The pitch — name stripped
An app-based marketplace that matches people who want their home cleaned with vetted independent cleaners, taking a cut of each booking, growing fast on heavily discounted first-clean offers across dozens of cities.
Kasspian’s cold read on Homejoy
Fatal flawThat customers and cleaners will keep booking through the app — and keep paying the platform's cut — rather than simply exchanging numbers after the first job and arranging everything directly from then on.
Homejoy launched in 2012 out of Y Combinator with a clean, on-demand pitch: open an app, book a vetted cleaner, done. It rode the early 'Uber for X' wave to roughly $40 million in funding, including from Google Ventures, and expanded aggressively to more than 30 cities across several countries.
Growth looked great, because growth was bought. Homejoy leaned on deeply discounted first cleans — promotions that put a session at around $19 or $20 — to pull in customers fast. The trouble was who those offers attracted: deal-seekers who came for the discount and didn't come back at full price. Reported repeat rates were low.
Underneath the retention problem sat a structural one. Once Homejoy introduced a customer to a cleaner they liked, the two of them had every incentive to drop the middleman. The cleaner kept more; the customer often paid less; and Homejoy, which had paid to acquire both sides, collected nothing on the bookings that moved off-platform. A marketplace with no lock-in after the first match is paying to arrange relationships it doesn't get to keep.
On top of that came the legal pressure that the company publicly blamed for the end: a wave of lawsuits over whether its cleaners should be classified as employees rather than independent contractors. That fight threatened to upend the cost structure of the entire model and made the company much harder to fund through its other problems.
Homejoy shut down in July 2015. It cited the worker-classification suits as the trigger, but the deeper condition was already terminal: it hadn't shown it could retain either side of its market or keep them transacting through the platform. The lawsuits were what finished a model that wasn't holding its users in the first place.
Kasspian scored the stripped pitch 3/10 — test it first — because a matching marketplace can be a real business, but only if it answers one question first: what stops both sides from cutting you out after the introduction? For home cleaning, where the same two people repeat a simple transaction every week, the honest answer was 'almost nothing', and that's the assumption the whole take-rate depended on.
Discount-driven growth hid the problem rather than solving it.

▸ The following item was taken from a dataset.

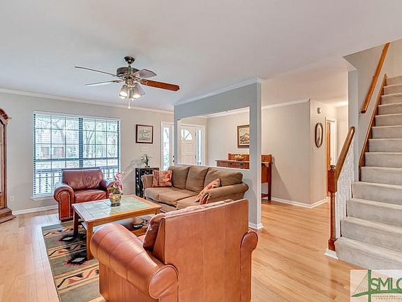 Paradise Awaits! Tranquil park-like setting surrounds you as you enjoy the beautifully landscaped grounds with mature trees and garden paths. The front wrap around porch will make you just want to sit and enjoy the views. Inside you will find gorgeous wood floors and modern colors. Lovely added touches throughout including a custom wood mantle and a completely updated kitchen with island, ample cabinetry, Viking commercial fridge and new stainless appliances. The roof is only 2-3 yrs old and 2 newer HVAC units. Main floor master suite with a bay window and two closets is just right to relax in. Two additional spacious bedrooms with a shared bathroom complete the upstairs. At the end of the day make sure to take time to read a book or host a gathering in the screened porch. The community offers a large open area with covered picnic area and playground. Minutes from the heart of Richmond Hill, Savannah, beaches and more!
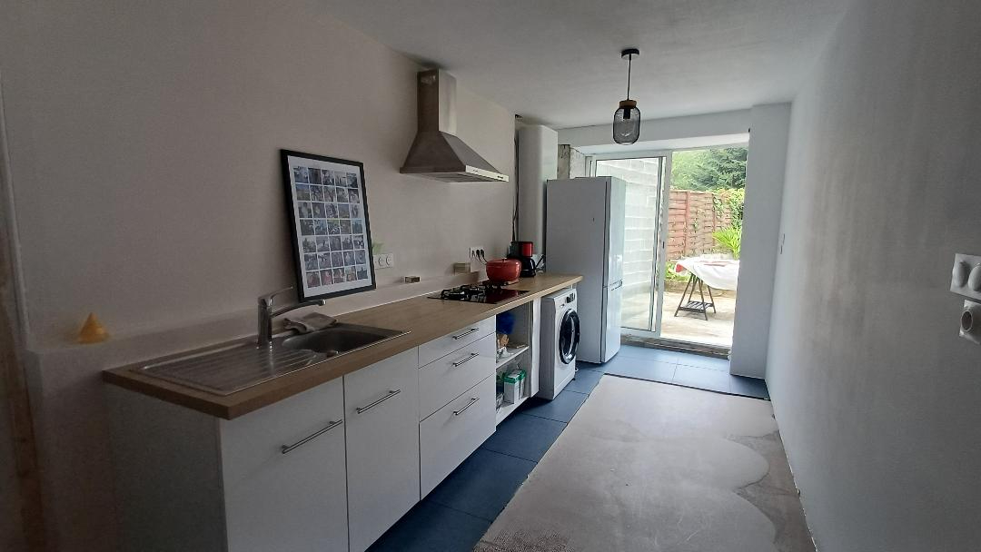 Au rdc , une pièce de vie avec cuisine ouverte , une chambre , salle d'eau et WC. A l'étage , une grande pièce à aménager...

Cheap first cleans made the charts go up while the underlying retention — the thing that actually had to be true — stayed broken. It's easy to mistake bought growth for demand; the test is whether the second purchase happens at full price, on the platform, without a coupon.
If you're building a marketplace, find your leakage risk before you scale, not after. Name the reason the two sides keep coming back through you — recurring scheduling, payments, trust, guarantees, something they'd lose by going direct — and test whether it actually holds for a cohort over months. 'Test it first' here means proving repeat, on-platform bookings at real prices before you pour money into 30 cities. Homejoy poured first and discovered the leak after the tank was full.